The prehistoric tree cover in East African environment goes back to more than 6 million years, where the human ancestors and the ape relatives evolved, says a recent study by the University of Utah.

"Wherever we find human ancestors, we find evidence for open habitats similar to savannas – much more open and savanna-like than forested," said geochemist Thure Cerling, senior author of a study of the new method in the Thursday, Aug. 4, 2011 issue of the journal Nature.

eurekalert.org:Human Ancestors and Apes Lived in African Savannas

The scientists used chemical isotopes in ancient soil to measure prehistoric tree cover to study the prolonged existence of savannas. The result shows that it’s not just over the past 2 million years that the savannas became more expansive and the human ancestors likely spent time in narrow "gallery forests" along river corridors.

"This is the first method to actually quantify the amount of canopy cover, which is the basis for deciding if something is savanna," Cerling says.

The new method was developed by correlating carbon isotope ratios in 3,000 modern soil samples with satellite photos of tree and vegetation cover at 75 tropical sites worldwide half in Africa, representing everything from closed forest to open grassland.
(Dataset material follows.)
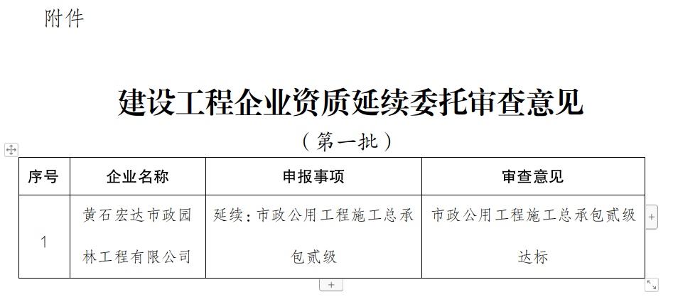 根据省住建厅《关于建设工程企业资质延续有关事项的通知》(厅头〔2023〕2441号)《建筑业企业资质标准》等有关规定,近期我局组织专家对黄石宏达市政园林工程有限公司申请的建筑业企业资质延续进行了审查,现将委托审查意见予以公示(见附件)。

That allowed scientists to determine the percent of tree and woody shrub cover millions of years ago based on carbon isotope ratios in fossil soils known as paleosols.

Cerling used the new method to analyze fossil soils and infer plant cover back to 7.4 million years ago and the analysis of 1,300 fossil soil samples from sites at or near where human ancestors and their relatives evolved shows that more than 70 percent of the sites had less than 40 percent woody cover, meaning they were wooded grasslands or grasslands.

"We conclude there have been open savannas all the time for which we have hominin fossils in the environments where the fossils were found during the past 4.3 million years" – the oldest fossils now accepted as human ancestors, Cerling says.